Эти мучительные сомнения объясняются во многом тем, что в наш век наука и техника развиваются несравненно быстрее, чем в века минувшие. А мудрость человечества, его нравственное сознание развиваются по-прежнему медленно. Достаточно сопоставить познания Архимеда с познаниями Эйнштейна, чтобы понять огромность совершенного человечеством шага, а философская мысль нашего времени выдерживает сопоставление с мыслью времен Платона. То есть у человечества не все «генетические характеристики» развиваются с одинаковой быстротой. Такой разнобой допустим лишь в узких рамках. Иначе может исчезнуть бесследно с земли целый вид. Возьмите гигантских доисторических рептилий — динозавров. Эти животные достигли огромных размеров, потому что на первом этапе их эволюции величина была важнейшим фактором в борьбе за существование. Но поскольку увеличение роста не сопровождалось развитием остальных характеристик, в первую очередь мозга, животные вымерли. Сегодняшний «мозг» человечества — его нравственное сознание катастрофически отстает от огромного «научного тела».

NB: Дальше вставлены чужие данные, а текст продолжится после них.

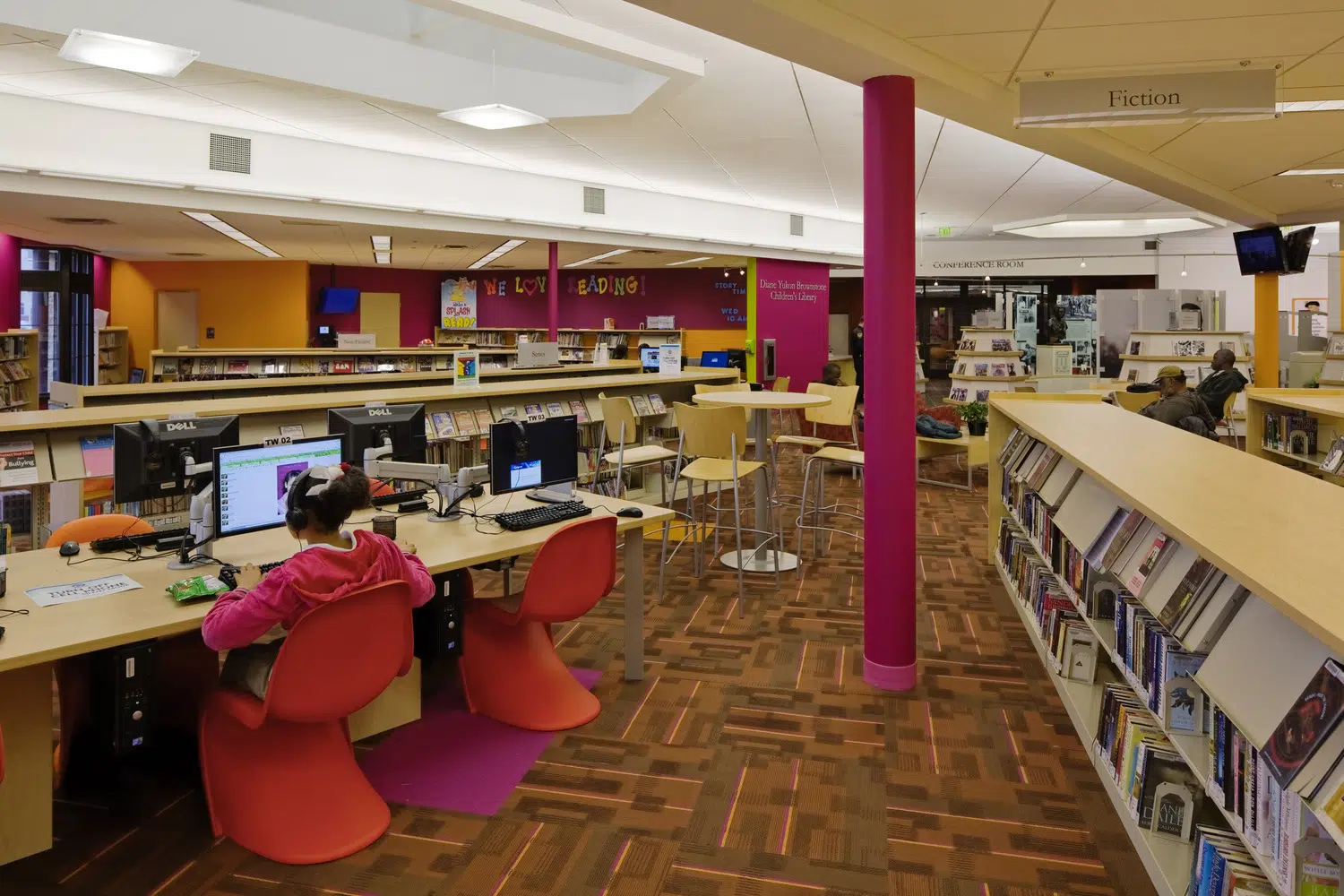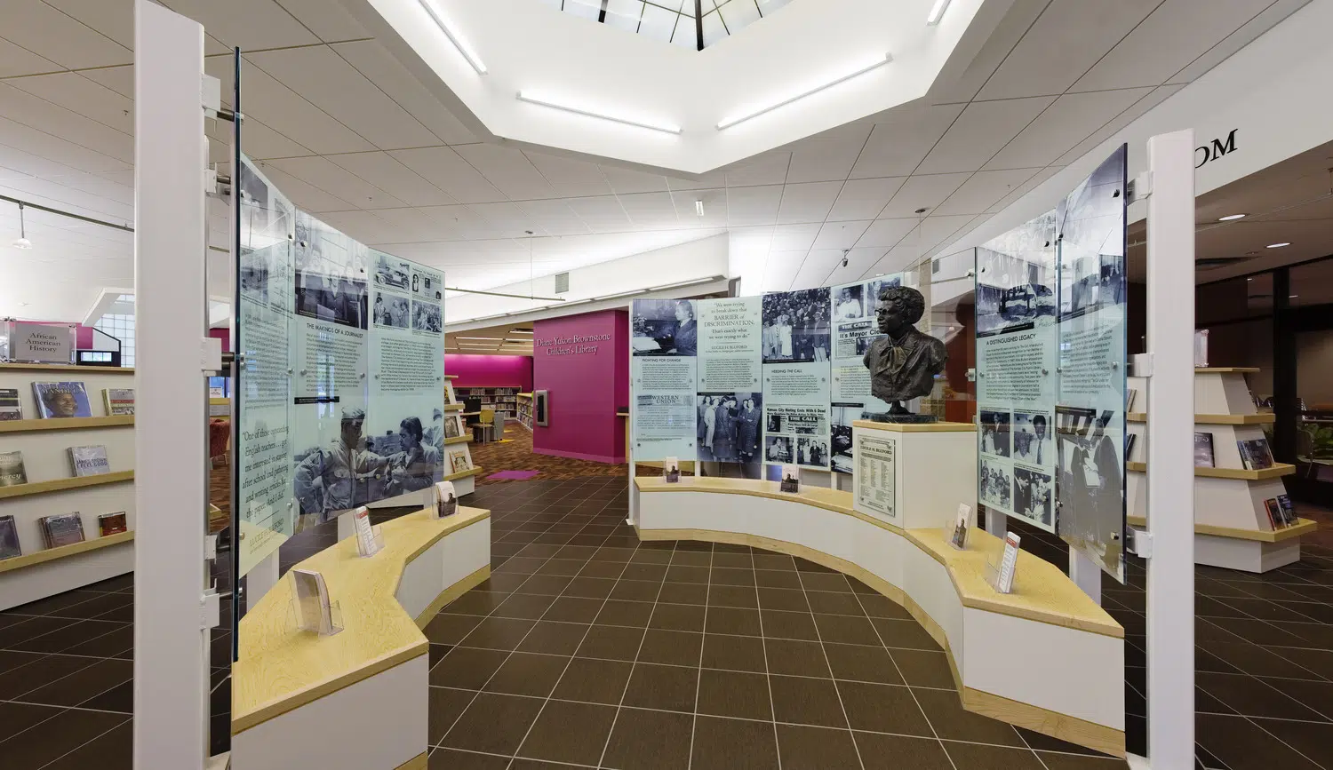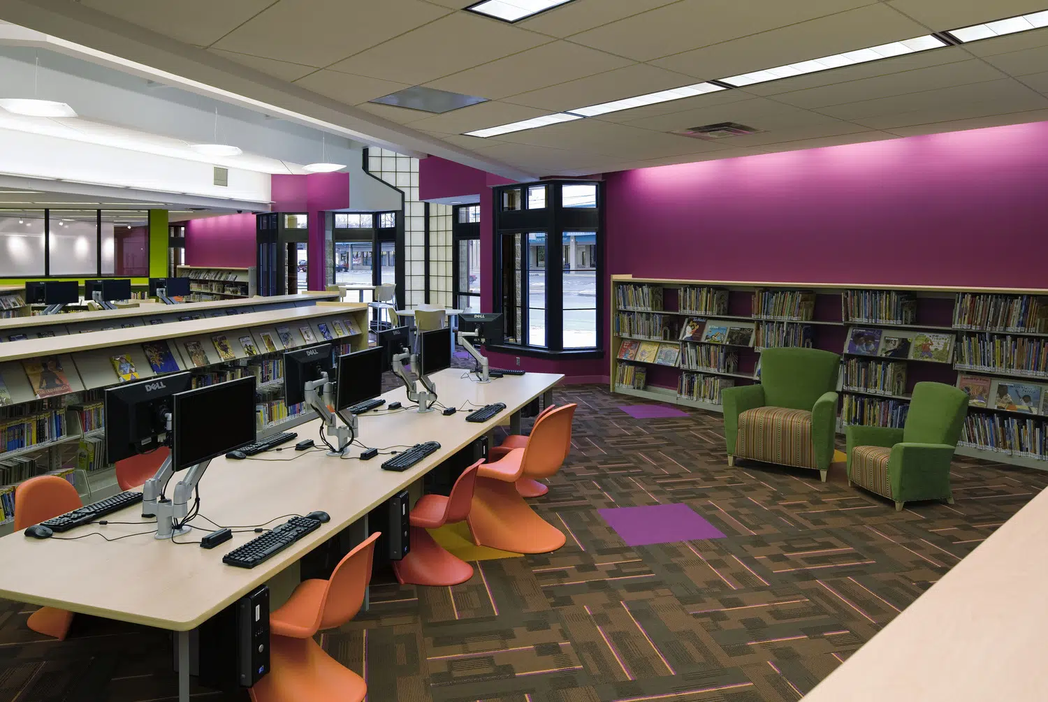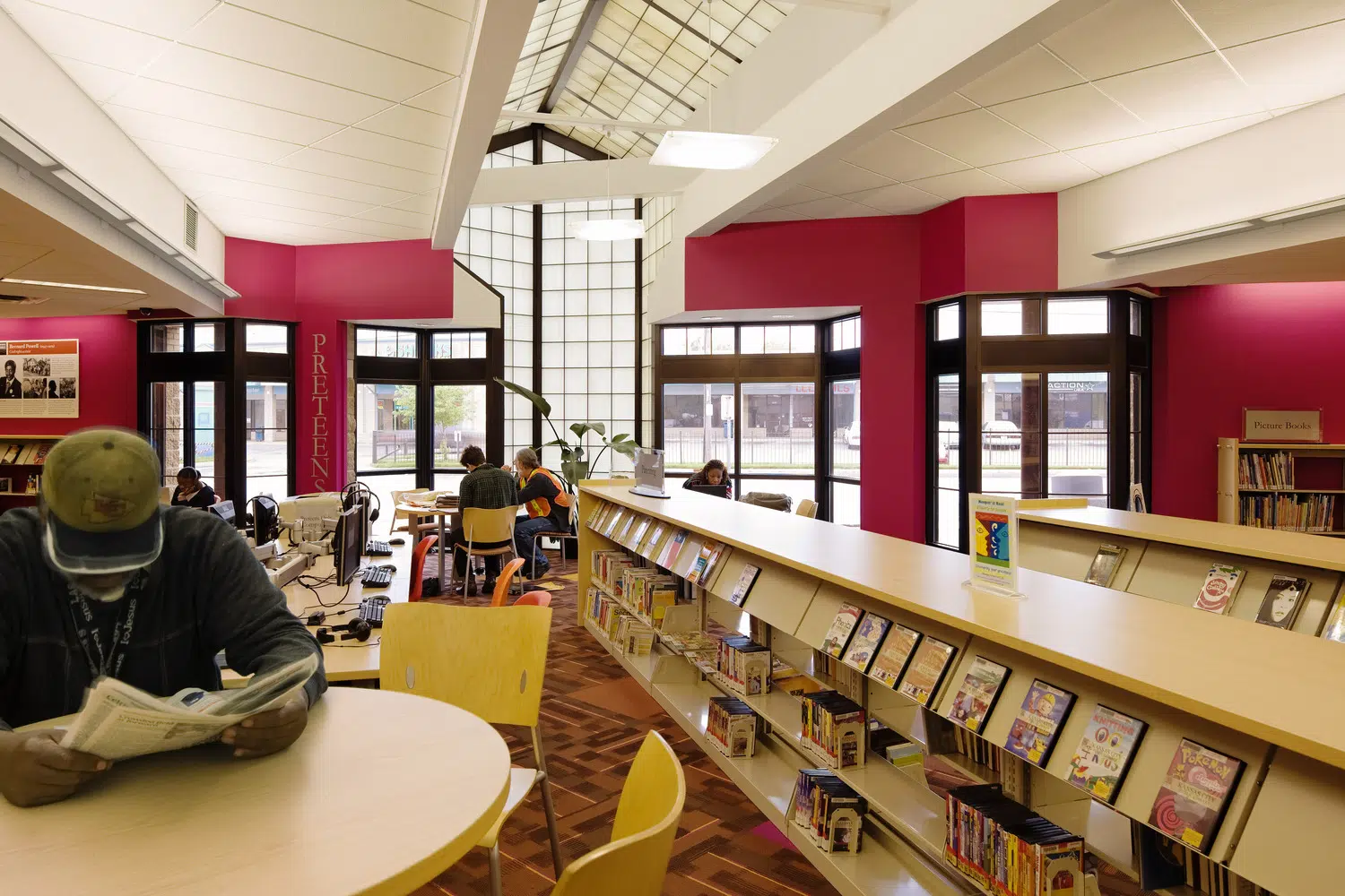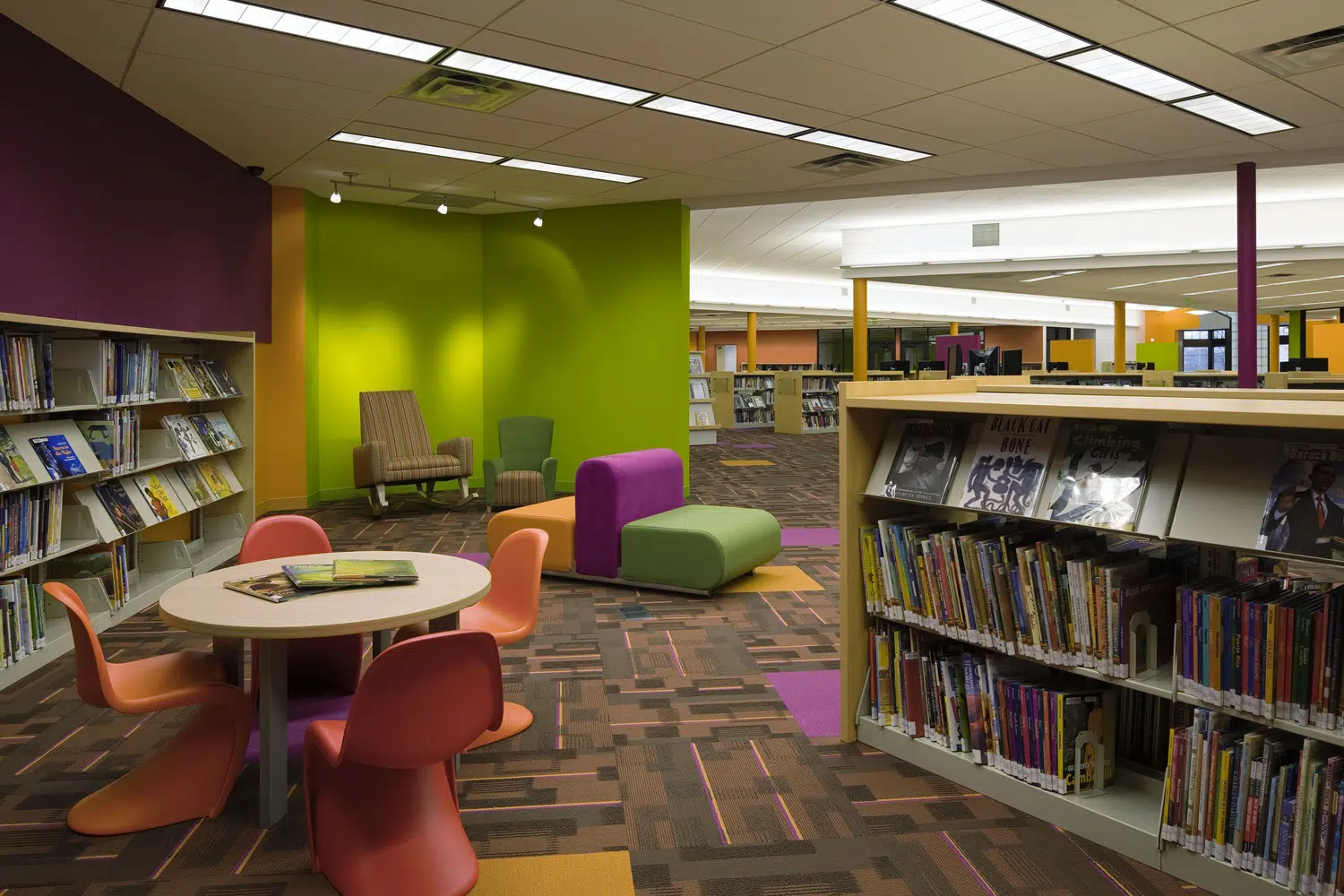 The design team collaborated closely with Kansas City Public Library representatives and community stakeholders to revitalize this urban neighborhood branch library to create a vibrant space for study, research, entertainment and interaction. A warm and welcoming interior provides flexibility for display arrangements, furnishings and space allocation over time, without compromising functionality and efficiency for staff. Historic neighborhood artifacts and collections are displayed with finishes appropriate to the local heritage. Furnishings respond to patrons, especially children and teens, with gaming stations, game tables and an increased number of computer tables.

Именно поэтому ряд видных биологов Западной Европы и Америки и решил отказаться от дальнейших исследований в области генетики до тех пор, пока этическая ответственность, наш «мозг» не разовьется, не станет более высоким…
Эдип XX века решил не отгадывать загадки сфинкса. А ведь то — по мифу — была загадка («кто ходит утром на четырех ногах, днем — на двух, а вечером — на трех?»), ответ на которую был: человек.
По мотивам известного мифа Софокл создал бессмертную трагедию Рока — «Царь Эдип». Начало ее исполнено траурной торжественности: Фивы посетила чума, и хор детей и стариков умоляет царя Эдипа избавить город от этой новой беды, как некогда он избавил его от «хищной девы», требовавшей человеческих жертв. В понимании хора чума — это сила, подвластная человеку, «венчанному мудростью» и любимого богами. (Любопытно отметить, что это первое в большой литературе появление чумы в качестве завязки действия и фона, выявляющего характеры, отношения людей, верования, нравы эпохи. Через две тысячи лет после Софокла чума возродится у Боккаччо в «Декамероне» в атмосфере веселого бесстрашия, чтобы в наш век вернуться к читателю как совершенно иррациональная, неподвластная человеку сила в одноименном романе Альбера Камю.) Эдип отвечает хору, что уже послал в Дельфы, в «обитель Аполлона», одного из мудрейших мужей, чтобы узнать, какой ценой можно отвести от города беду. И тотчас же мы — с Эдипом и хором — узнаем, что в качестве цены Аполлон назначил изгнание убийцы Лайя, царствовавшего в Фивах до Эдипа.